Anna Dumitriu is a British artist who works with BioArt, sculpture, installation and digital media to explore our relationship with infectious diseases, synthetic biology and robotics. Her work attempts to interweave the scientific, cultural and personal implications of infectious diseases, using tools and techniques from microbiology and synthetic biology in the laboratory and studio to create works of art that aim to reveal the strange stories and the emerging future of biomedicine. She studies how a disease or virus is seen and represented over wide time scales, just as myths and stigmas are created.
In one of her projects, The Romantic Disease, she works with tuberculosis. Even today, as Dumitriu argues, tuberculosis is responsible for more deaths than other higher profile diseases, whilst resisting attempts to contain it. As she explains, we are interested in certain diseases and not in others. Covid-19 has killed more than 50,000 people worldwide and between 300,000 and 650,000 people die of the flu each year, millions die from tuberculosis. In addition, epidemics and especially how we deal with them, have also historically served to attribute the blame to another, an enemy, a foreigner or a minority, through false, racist and warlike speeches. The Chinese are blamed by many countries for the spread of the coronavirus. In the past, this was the case in other communities: Jews were accused of spreading the plague; for tuberculosis, it was immigrants who were highlighted by Western societies. According to Dumitriu, scientific studies show, for example, that it was Europeans who spread tuberculosis worldwide with colonization, as in India, where the population had no immune defenses to fight it. “Furthermore, an epidemic still affects all human beings: health is a global problem. Epidemics are urgent matters, imbued with many misunderstandings; part of my job is to communicate these issues, look at history and bring complexity.”
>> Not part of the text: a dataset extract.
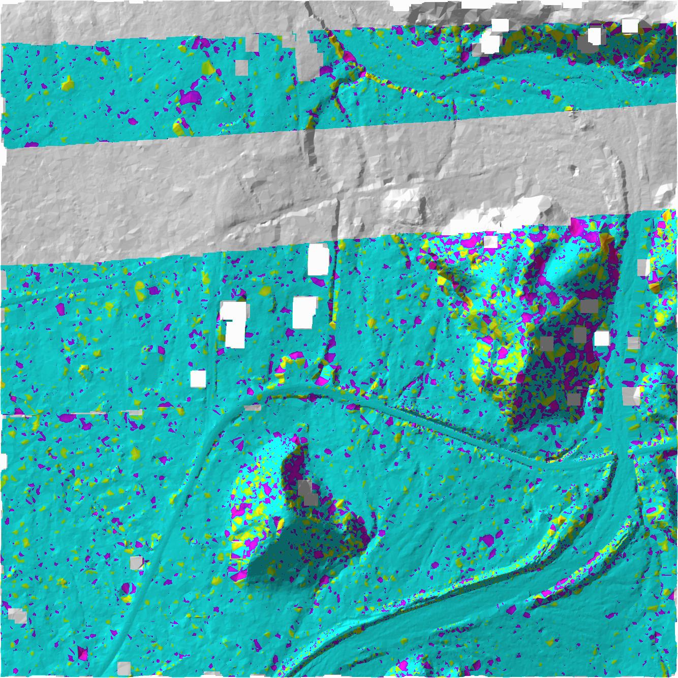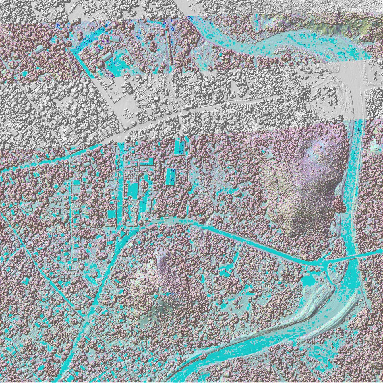 1st-return density![]() ground-return density ![]() density legend ratio ground returns to 1st returns ![]() ratio legend |

As materials, Dumitriu usually changes historical objects, such as medical and laboratory equipment, adding embroidery, in addition to incorporating bacteria or bacterial DNA in the tissues, as in the case of the work Engineered Antibody (2016).
I am fascinated by the concept of sublime in terms of bacteria and this notion of “bacterial sublime”, which I spoke about in 2004, has continued to inform my work ever since. There is a kind of admiration we can feel when we strive to keep the concept of bacteria in our minds: these tiny, obscure organisms with their fascinating, complex and occasionally terror-inducing abilities. I try to bring this to my work through the presence of traces of real organisms, although often sterilized in the case of dangerous pathogens, the objects are still contaminated with your memory.
“Engineered Antibody” (2016) is a bead necklace based on research by Xiang Li, who works with an antibody purified from the blood of an HIV positive patient. Made up of 452 handmade beads, it represents and physically contains the 21 real amino acids of the antibody in precise order. The light chain and the heavy chain of the protein structure were folded into the exact structure of the antibody. An antibody is a protein produced by the immune system to fight foreign bodies and viruses, which can bind to HIV. Xiang Li is working to improve this antibody, designing it to better block HIV infections by introducing an additional amino acid called sulfotyrosine.
At a time when complex new scientific discoveries are being made almost every day, but they are far beyond the understanding of laypeople, and when the stories we read compete to terrify us more than ever, we are more at risk than ever before of being taken away to buy the latest “cure”. We are blinded by pseudoscience and media advertising about the speed and success of biotechnology and become easy prey for miracle cures.
In her work “Plague Dress”, the 1665-style dress is made of raw silk, hand-dyed with nutshells in reference to the famous herbalist of the time Nicholas Culpeper, who recommended walnuts as a treatment for the plague. The dress is applied with original embroidery from the 17th century that the artist impregnated with the DNA of the bacterium Yesinia pestis (Prague), which she extracted from the dead bacteria of the pest. The dress is stuffed and surrounded by lavender, which historically was carried under people’s noses during the Great Plague of London to cover the stench of infection, and also to prevent the disease, which was believed to be caused by ‘bad air’ or ‘miasma’.